Work instructions: From the line below containing "Relaxed shirt dress" to the final line, print each line exactly as written. No pictures belong in the copy.

Information supplied:

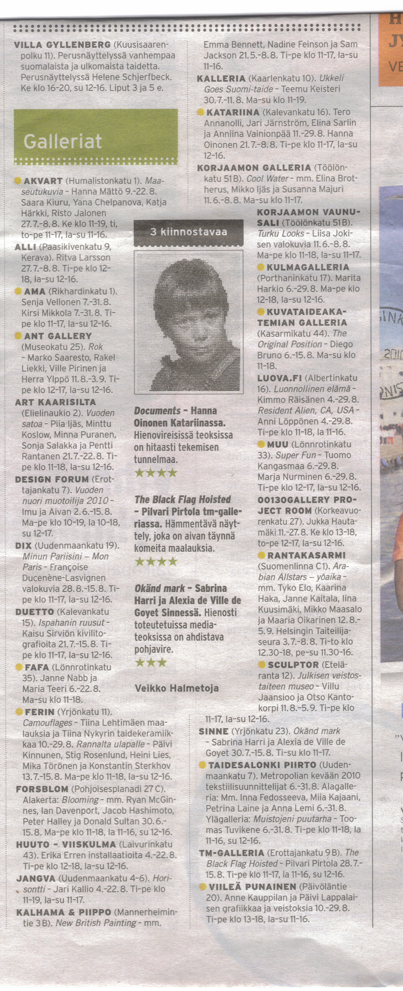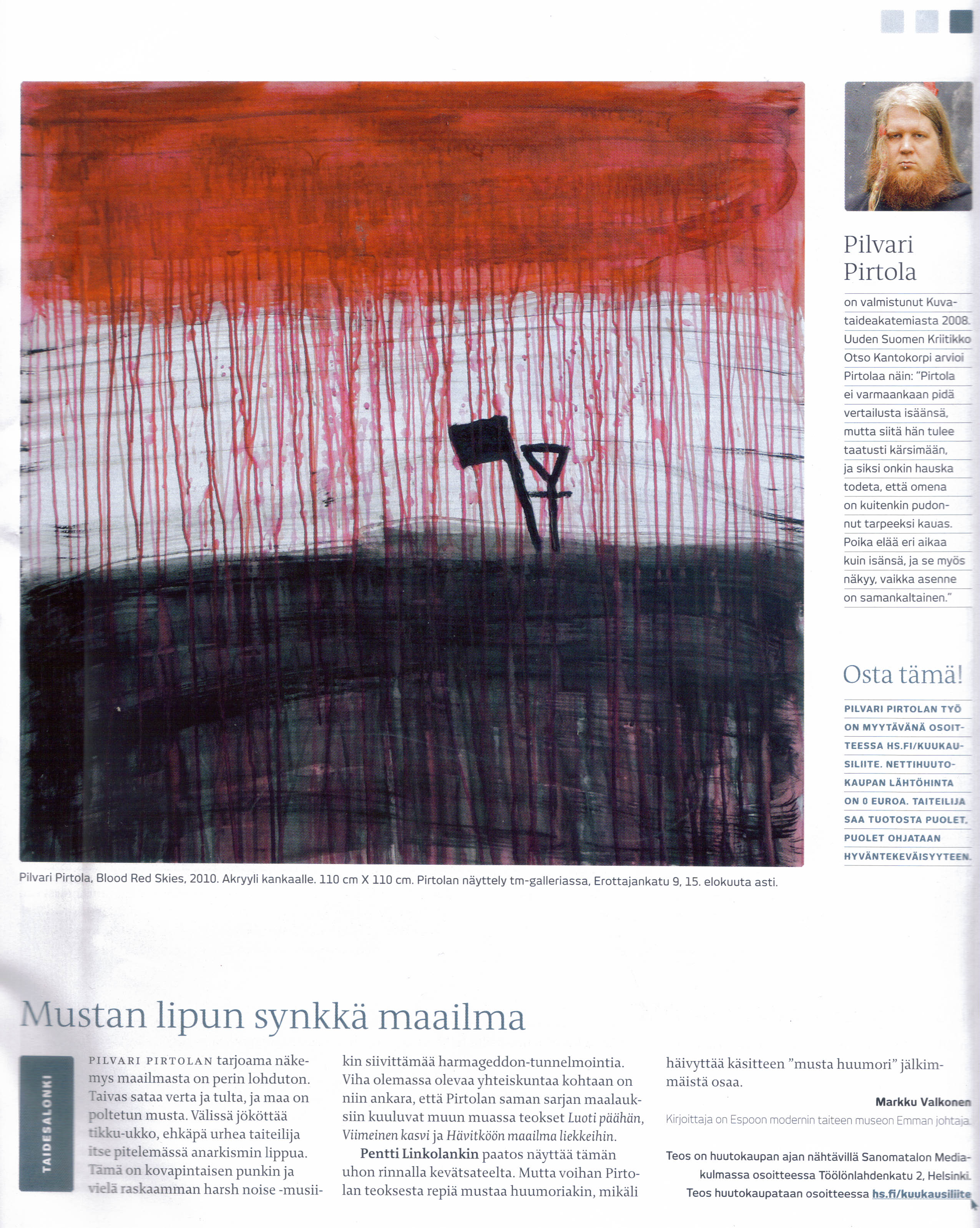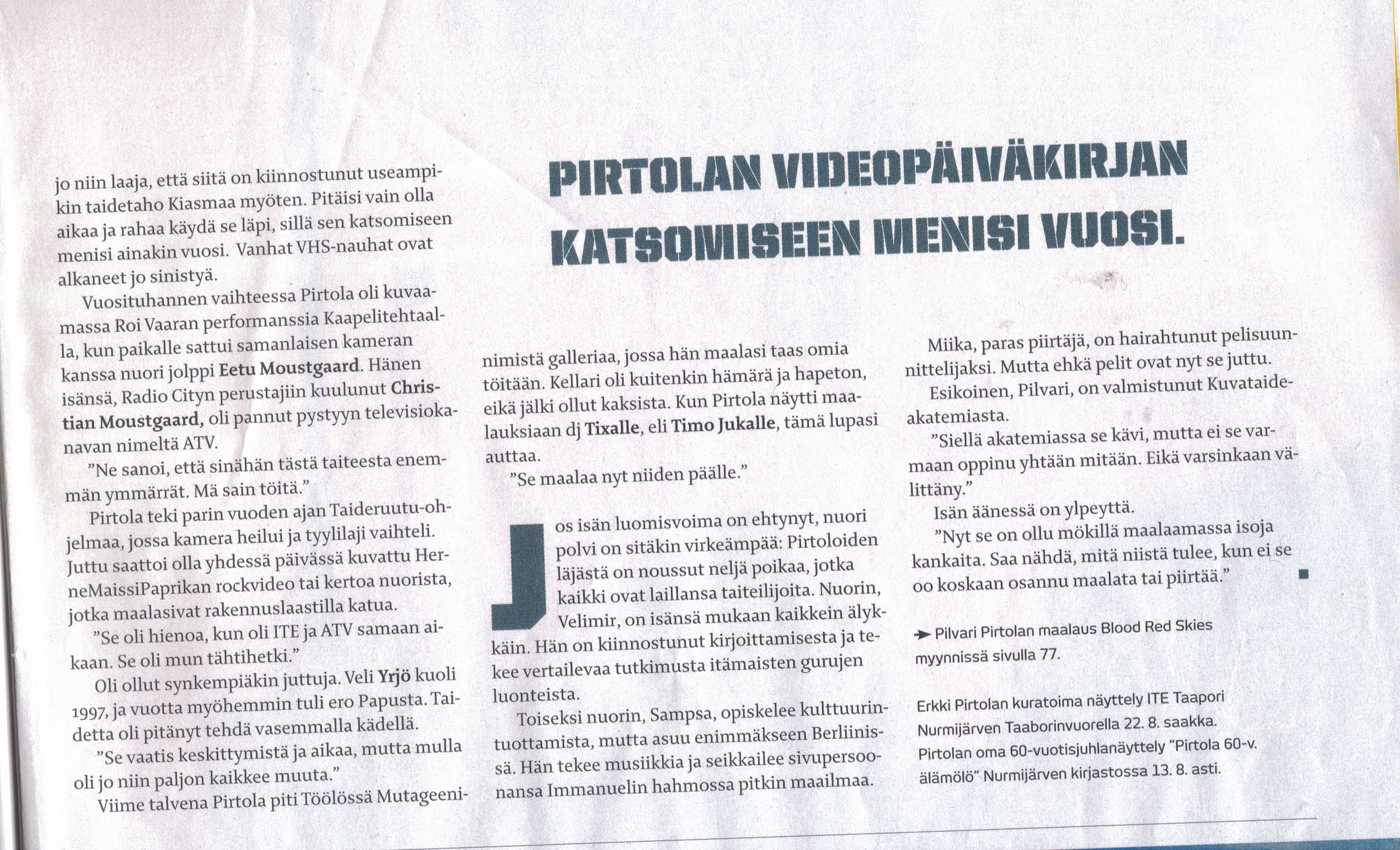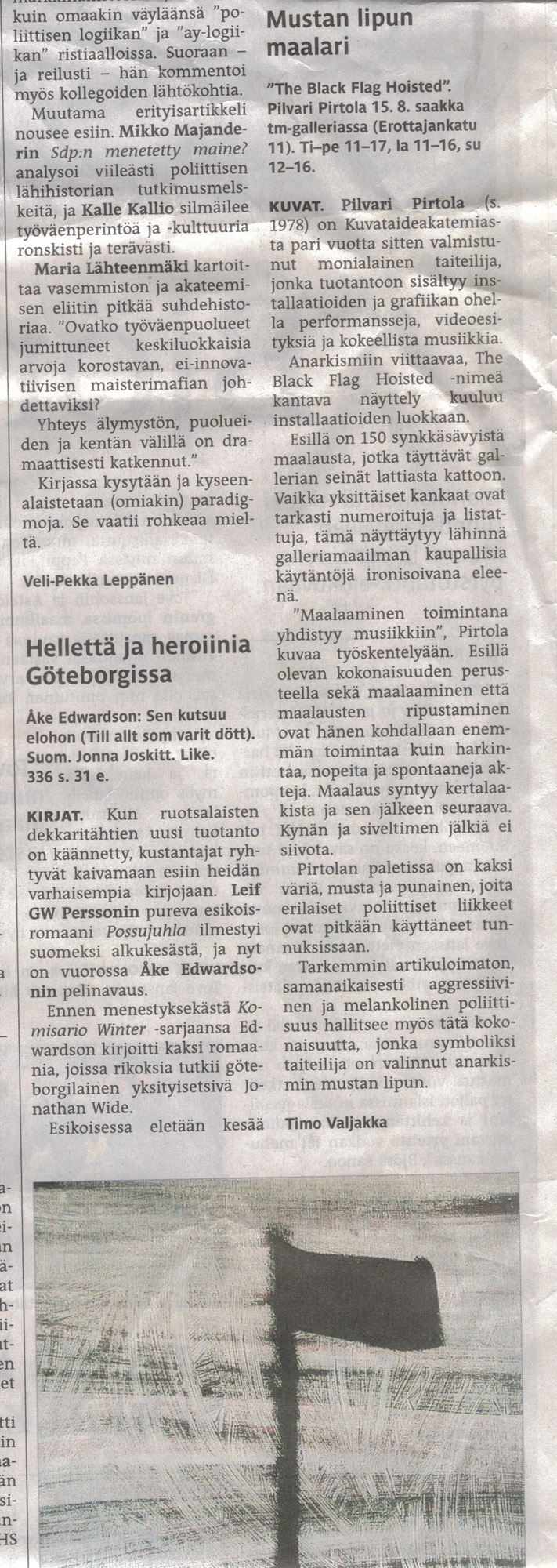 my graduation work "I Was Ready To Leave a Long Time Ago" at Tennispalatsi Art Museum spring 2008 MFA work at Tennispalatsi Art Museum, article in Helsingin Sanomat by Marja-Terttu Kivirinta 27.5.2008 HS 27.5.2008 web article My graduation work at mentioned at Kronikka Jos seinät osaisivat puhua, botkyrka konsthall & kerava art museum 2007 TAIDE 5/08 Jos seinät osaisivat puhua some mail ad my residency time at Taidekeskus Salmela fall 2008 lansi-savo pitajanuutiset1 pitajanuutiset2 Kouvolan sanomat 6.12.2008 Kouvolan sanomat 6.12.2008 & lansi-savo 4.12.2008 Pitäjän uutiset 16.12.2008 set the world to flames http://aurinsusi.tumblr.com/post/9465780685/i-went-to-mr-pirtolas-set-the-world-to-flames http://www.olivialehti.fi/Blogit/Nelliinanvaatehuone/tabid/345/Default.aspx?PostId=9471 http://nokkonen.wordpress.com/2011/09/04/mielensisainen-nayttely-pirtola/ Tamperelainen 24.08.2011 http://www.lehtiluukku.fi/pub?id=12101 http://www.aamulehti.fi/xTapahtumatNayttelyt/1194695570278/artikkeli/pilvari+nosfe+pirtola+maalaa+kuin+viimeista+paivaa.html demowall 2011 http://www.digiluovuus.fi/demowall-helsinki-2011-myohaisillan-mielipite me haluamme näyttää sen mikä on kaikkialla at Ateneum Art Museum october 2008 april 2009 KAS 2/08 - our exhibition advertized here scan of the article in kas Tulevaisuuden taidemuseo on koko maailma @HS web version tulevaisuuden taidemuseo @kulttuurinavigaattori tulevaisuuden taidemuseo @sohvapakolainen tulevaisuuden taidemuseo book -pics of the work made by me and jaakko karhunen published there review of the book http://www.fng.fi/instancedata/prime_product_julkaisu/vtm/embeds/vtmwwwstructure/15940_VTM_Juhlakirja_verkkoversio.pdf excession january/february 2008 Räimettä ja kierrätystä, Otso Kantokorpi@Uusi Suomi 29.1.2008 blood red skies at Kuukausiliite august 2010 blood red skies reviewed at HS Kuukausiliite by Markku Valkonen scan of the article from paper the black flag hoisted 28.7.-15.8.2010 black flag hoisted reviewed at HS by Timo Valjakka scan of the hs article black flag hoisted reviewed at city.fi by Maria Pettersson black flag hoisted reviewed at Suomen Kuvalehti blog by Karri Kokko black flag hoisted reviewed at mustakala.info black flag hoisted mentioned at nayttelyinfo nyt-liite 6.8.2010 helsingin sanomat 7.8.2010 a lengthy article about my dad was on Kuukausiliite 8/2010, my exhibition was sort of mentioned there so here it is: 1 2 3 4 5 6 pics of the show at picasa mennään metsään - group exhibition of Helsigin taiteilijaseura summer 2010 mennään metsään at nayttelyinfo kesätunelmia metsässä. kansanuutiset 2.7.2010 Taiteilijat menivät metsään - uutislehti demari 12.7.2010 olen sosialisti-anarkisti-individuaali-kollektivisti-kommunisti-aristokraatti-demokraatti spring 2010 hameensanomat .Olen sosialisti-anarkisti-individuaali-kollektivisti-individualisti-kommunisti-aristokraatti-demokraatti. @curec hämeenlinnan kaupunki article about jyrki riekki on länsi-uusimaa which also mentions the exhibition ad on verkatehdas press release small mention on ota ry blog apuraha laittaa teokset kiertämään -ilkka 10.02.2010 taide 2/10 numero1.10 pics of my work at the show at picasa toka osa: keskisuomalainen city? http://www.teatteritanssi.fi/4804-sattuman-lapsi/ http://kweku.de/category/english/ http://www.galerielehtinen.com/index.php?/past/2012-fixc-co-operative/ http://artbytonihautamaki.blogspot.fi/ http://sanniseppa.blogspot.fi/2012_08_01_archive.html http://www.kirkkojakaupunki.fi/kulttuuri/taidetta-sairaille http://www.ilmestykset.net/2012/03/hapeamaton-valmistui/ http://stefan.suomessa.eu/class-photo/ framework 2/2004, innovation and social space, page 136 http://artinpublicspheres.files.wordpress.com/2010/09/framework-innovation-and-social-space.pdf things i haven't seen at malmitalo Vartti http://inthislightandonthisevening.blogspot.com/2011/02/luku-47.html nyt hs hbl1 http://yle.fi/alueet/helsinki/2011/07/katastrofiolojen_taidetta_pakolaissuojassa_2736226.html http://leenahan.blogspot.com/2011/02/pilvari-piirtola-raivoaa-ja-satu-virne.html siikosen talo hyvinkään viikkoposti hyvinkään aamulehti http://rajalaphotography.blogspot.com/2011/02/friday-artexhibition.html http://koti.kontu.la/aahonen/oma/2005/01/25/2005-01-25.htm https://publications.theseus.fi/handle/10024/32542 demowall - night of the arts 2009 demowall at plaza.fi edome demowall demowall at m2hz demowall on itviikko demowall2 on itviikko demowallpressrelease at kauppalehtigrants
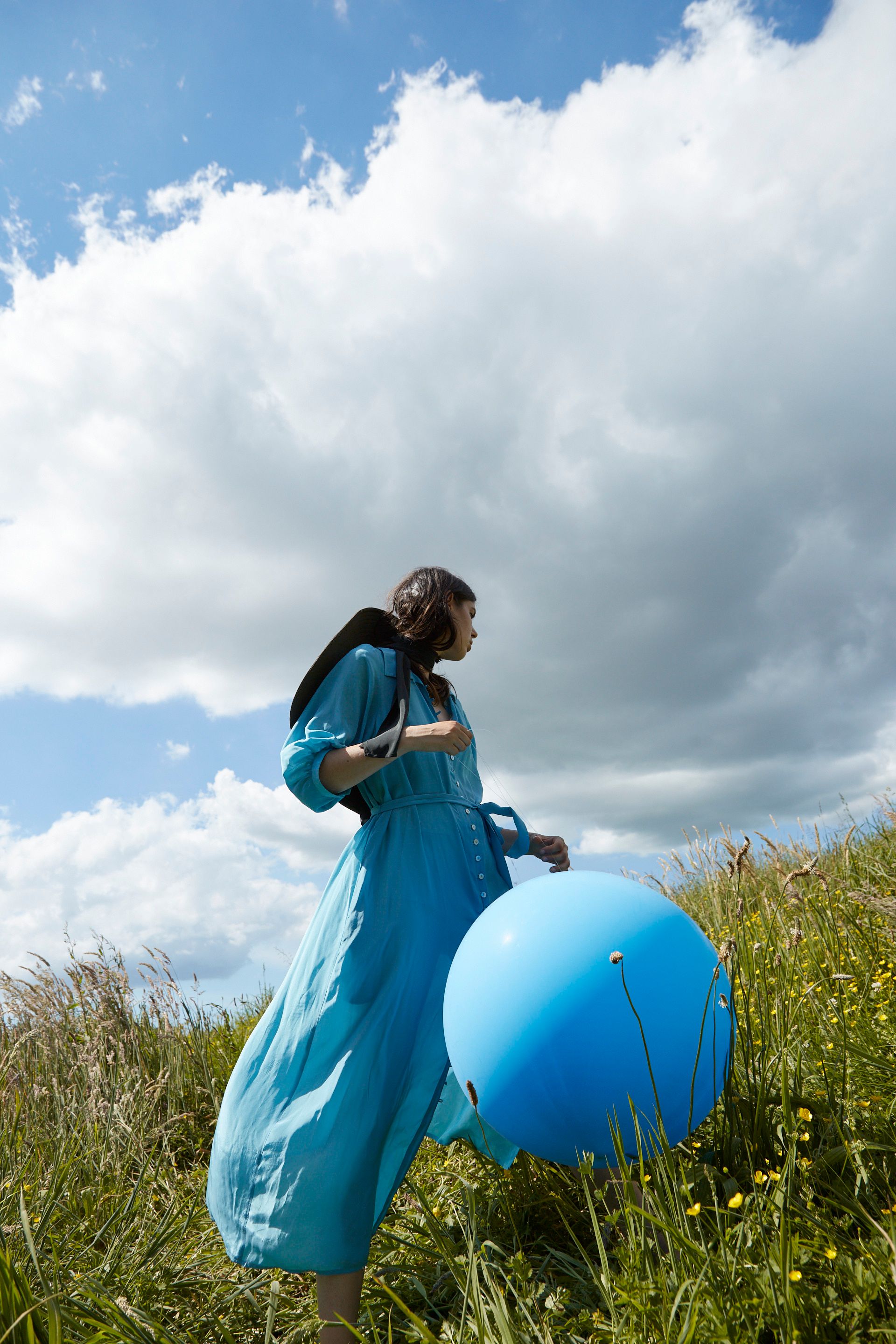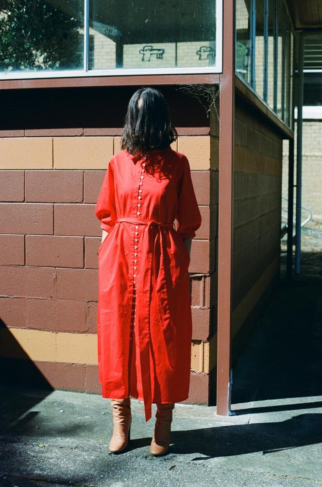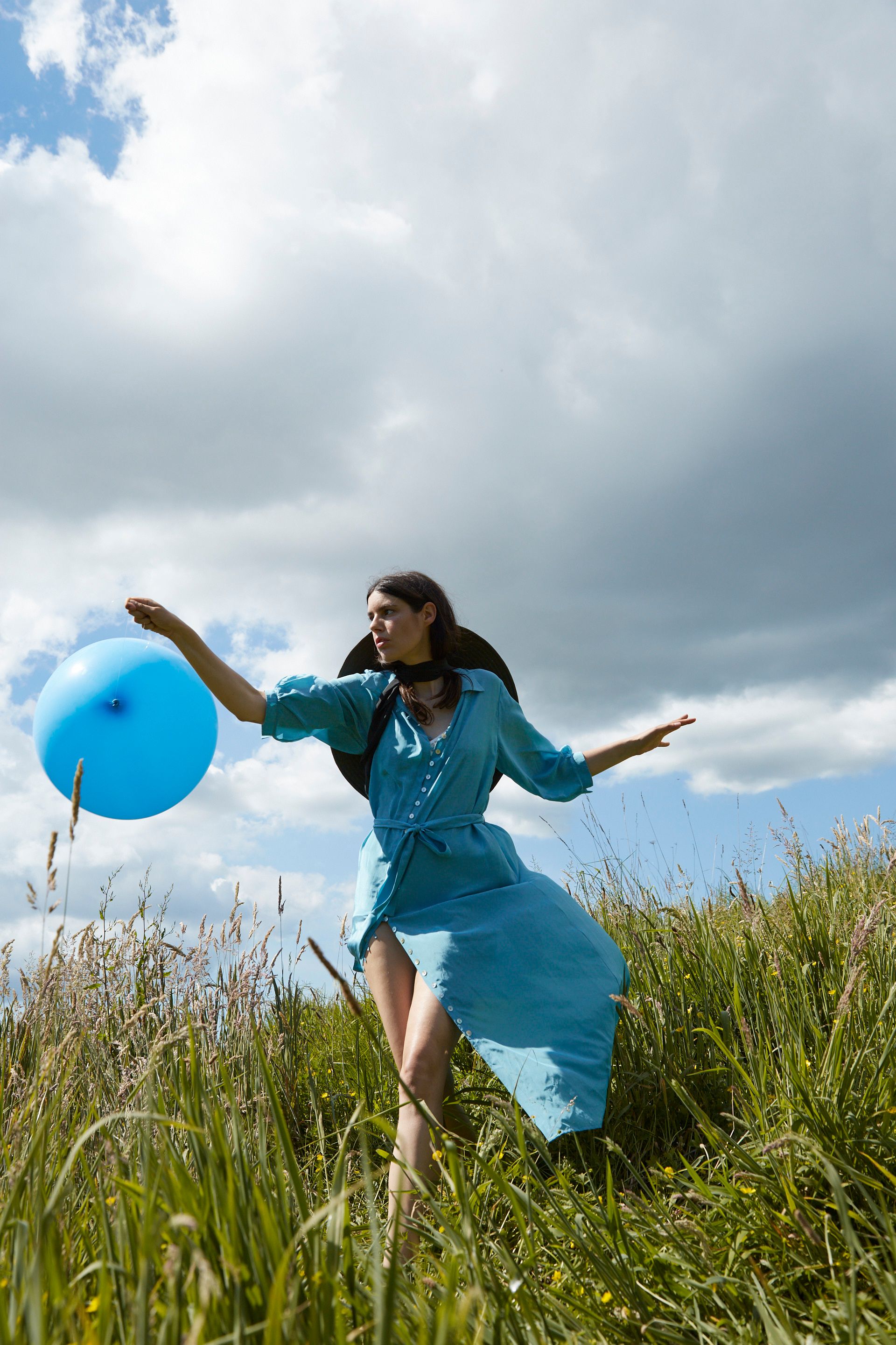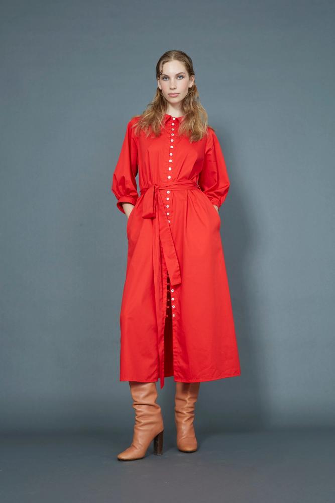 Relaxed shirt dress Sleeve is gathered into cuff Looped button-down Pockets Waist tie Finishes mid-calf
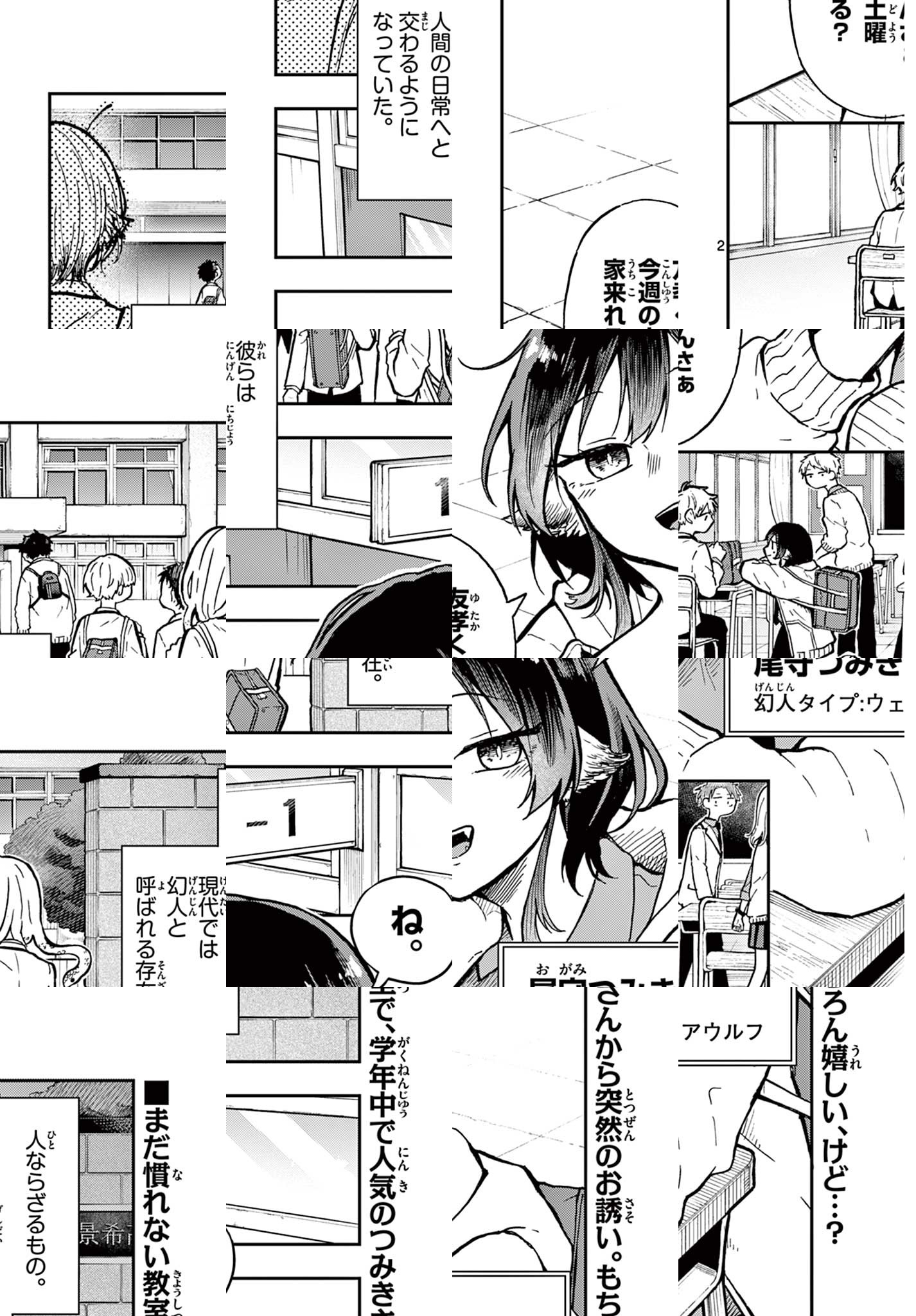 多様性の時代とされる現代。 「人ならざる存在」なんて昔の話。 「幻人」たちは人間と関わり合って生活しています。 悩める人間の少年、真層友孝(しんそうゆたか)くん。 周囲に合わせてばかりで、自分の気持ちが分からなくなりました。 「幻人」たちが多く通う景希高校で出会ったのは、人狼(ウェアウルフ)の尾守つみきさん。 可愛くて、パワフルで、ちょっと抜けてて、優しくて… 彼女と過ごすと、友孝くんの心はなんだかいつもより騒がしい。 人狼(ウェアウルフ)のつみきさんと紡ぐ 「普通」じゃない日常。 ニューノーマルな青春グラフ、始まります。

Problem solution:
 Relaxed shirt dress Sleeve is gathered into cuff Looped button-down Pockets Waist tie Finishes mid-calf
 多様性の時代とされる現代。 「人ならざる存在」なんて昔の話。 「幻人」たちは人間と関わり合って生活しています。 悩める人間の少年、真層友孝(しんそうゆたか)くん。 周囲に合わせてばかりで、自分の気持ちが分からなくなりました。 「幻人」たちが多く通う景希高校で出会ったのは、人狼(ウェアウルフ)の尾守つみきさん。 可愛くて、パワフルで、ちょっと抜けてて、優しくて… 彼女と過ごすと、友孝くんの心はなんだかいつもより騒がしい。 人狼(ウェアウルフ)のつみきさんと紡ぐ 「普通」じゃない日常。 ニューノーマルな青春グラフ、始まります。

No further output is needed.